First, a single-frequency model is derived for the selected three-terminal composite device, following the scheme shown in Figure 2. The model includes the transconductance (gm), the input resistance (Rin) and capacitance (Cin) modeled in parallel, and similarly, the output resistance (Rout) and capacitance (Cout). These parameters are extracted by biasing the devices at the chosen operating current density and performing S-parameter simulations. The values of gm, Rin and Cin, and Rout and Cout are then derived from the simulated Y-parameters at the design frequency. Although broadband effects, such as feedthrough capacitances, are not fully captured, the model provides sufficient accuracy for narrowband D-band circuit design while significantly simplifying the preliminary design phase. Using this model, the designer can proceed with an analytical (pencil-and-paper) evaluation of the output load components. In particular, the device transconductance gain (gm) and the output impedance Rout//Cout are used to determine the gain, the −3 dB bandwidth, and the center frequency of the core stage. In the case of a tuned load, it consists of a parallel combination of a resistor RC, a capacitor CC, and an inductor LC. The unloaded quality factor QUN can be expressed in terms of the capacitor CC and the resistor RC of the tuned load as follows:
QUN = ω0 × (Cout + CC) × (RCmax//Rout),
where ω0 is the desired angular resonant frequency. The external capacitor CC is introduced to ensure that the resonance frequency is not determined solely by the parasitic capacitance Cout.

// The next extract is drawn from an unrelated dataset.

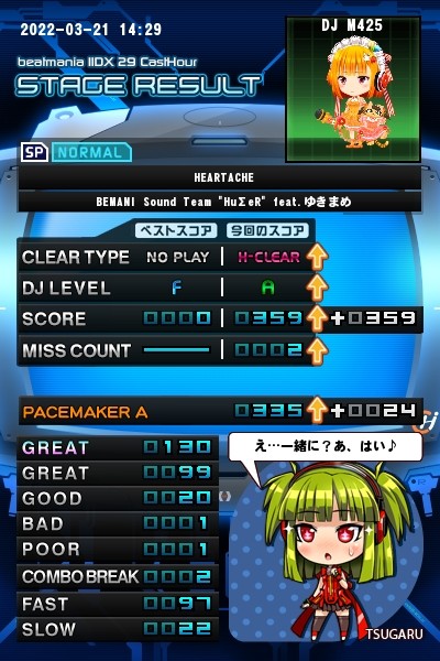 昨日(3/21)のやらかし ☆3 HEARTACHE (SPN) H-CLEAR & A フルコン狙おうと思ったらサビの皿+1鍵と最後の連皿でやらかしてしまった...ライトニング筐体でやったから連皿やりやすいんですけど光らせにくいわ...次はEXHとMIRRORつけてやるかな。 #IIDX

Figure 2. Single frequency equivalent model of a 3-terminal composite active device.
The loaded quality factor QL is determined by the specified bandwidth:
QL = f0/BW
The loaded quality factor QL can be directly related to the unloaded quality factor QUN, thus enabling the determination of the maximum allowable value of RC (denoted as RCmax) that ensures a bandwidth greater than or equal to the specified BW. In particular, under the assumption of conjugate matching to the external load Rload (i.e., Rload = Rout//RC), the relationship QL = QUN/2 holds. The resistor RC is therefore selected close to RCmax, typically slightly lower, in order to provide a design margin with respect to the specified bandwidth. The value of the tuning inductance LC is determined so as to achieve resonance at the specified angular frequency ω0:
ω02 = 1/[LC × (CC + Cout)],
Finally, small-signal, noise, and harmonic balance simulations of the designed core are performed using the transistor models provided by the foundry in order to verify the performance in terms of maximum available gain (MAG), NFmin and IP3. If the required specifications are not met, the procedure is iterated by modifying the passive components of the composite device, re-extracting the single-frequency model, re-evaluating the output load, and reassessing the core performance in terms of MAG, NFmin and IP3. At the conclusion of this phase, the core block is fully designed. Its robustness is then evaluated by means of PVT and Monte Carlo analyses.

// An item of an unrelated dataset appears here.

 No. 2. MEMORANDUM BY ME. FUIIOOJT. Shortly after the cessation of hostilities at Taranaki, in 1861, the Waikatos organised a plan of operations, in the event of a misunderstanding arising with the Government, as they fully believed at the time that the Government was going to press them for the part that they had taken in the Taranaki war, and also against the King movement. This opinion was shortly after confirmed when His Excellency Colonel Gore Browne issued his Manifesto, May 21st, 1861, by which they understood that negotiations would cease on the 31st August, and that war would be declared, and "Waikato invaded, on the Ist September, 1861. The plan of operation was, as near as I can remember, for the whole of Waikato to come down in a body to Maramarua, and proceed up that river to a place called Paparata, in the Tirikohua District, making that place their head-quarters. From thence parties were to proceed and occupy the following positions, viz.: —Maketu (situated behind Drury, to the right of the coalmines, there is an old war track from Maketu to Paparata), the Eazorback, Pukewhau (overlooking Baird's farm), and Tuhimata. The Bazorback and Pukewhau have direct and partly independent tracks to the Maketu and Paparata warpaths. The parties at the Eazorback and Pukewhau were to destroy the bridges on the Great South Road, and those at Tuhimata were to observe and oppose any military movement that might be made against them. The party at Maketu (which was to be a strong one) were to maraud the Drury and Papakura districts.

The third step concerns the layout design of the core block. The core is defined as the active device(s) together with the actual biasing network(s), and it also includes the tuned load, degeneration elements, and compensation network, if present. Matching networks are not considered at this stage. The layout is designed after replacing the ideal passive components with the corresponding components from the design kit. Their interconnections are then implemented using the available metal layers. These interconnections must be designed to minimize their length and, consequently, their parasitic effects, thereby avoiding excessive performance degradation with respect to the previously designed lumped-element circuit. Compliance with the foundry design rules is first verified through an automatic Design Rule Check (DRC). Subsequently, consistency between the layout netlist and the original schematic netlist is verified by means of an automatic Layout Versus Schematic (LVS) analysis. Performance verification is then carried out using EM simulations of the interconnections. To this end, a dedicated layout is prepared in which all lumped active and passive components (transistors, resistors, inductors, and capacitors) are removed and replaced with 50 Ω ports. Additional ports are inserted at the input and output of the core. Each of these ports consists of two terminals: a signal pin on an upper metal layer and a ground pin on a lower metal layer. The ground pin is made significantly wider than the signal pin so that the overall structure emulates the behavior of a microstrip line. In the Cadence environment, each terminal of the input and output ports is implemented as a separate 50 Ω port. The result of the EM simulation is an N-port scattering matrix. A new circuit is then assembled, including the extracted N-port matrix together with the lumped active and passive components properly connected. This circuit is simulated to evaluate the core performance, now accounting for the parasitic effects of the interconnections. At this stage, minor adjustments to the tuned load values may be required to ensure that the condition expressed in Equation (3) is satisfied at the specified angular frequency ω0.
The subsequent step involves the design of the matching networks; there may be two or three networks depending on the block functionality (e.g., LNA or mixer). Possible topologies include single-stub networks, three-element lumped networks (π or T configurations), and coupled-line transformers, selected according to the required fractional bandwidth and impedance transformation ratio. The design procedure follows an approach similar to that adopted for the core and makes use of selected parameters (Rin, Cin, Rout, and Cout) extracted from the single-frequency model of the previously designed core. First, an ideal output matching network is synthesized based on Rout and Cout, assuming a 50 Ω termination at its input. Subsequently, an ideal input matching network is designed using Rin and Cin, evaluated for the core terminated with the previously designed output matching network. If necessary, the procedure may be iterated to improve the performance in terms of matching. The layout of the matching networks is then developed and optimized through EM simulations, following a procedure analogous to that described for the core layout, with iterative refinement if required.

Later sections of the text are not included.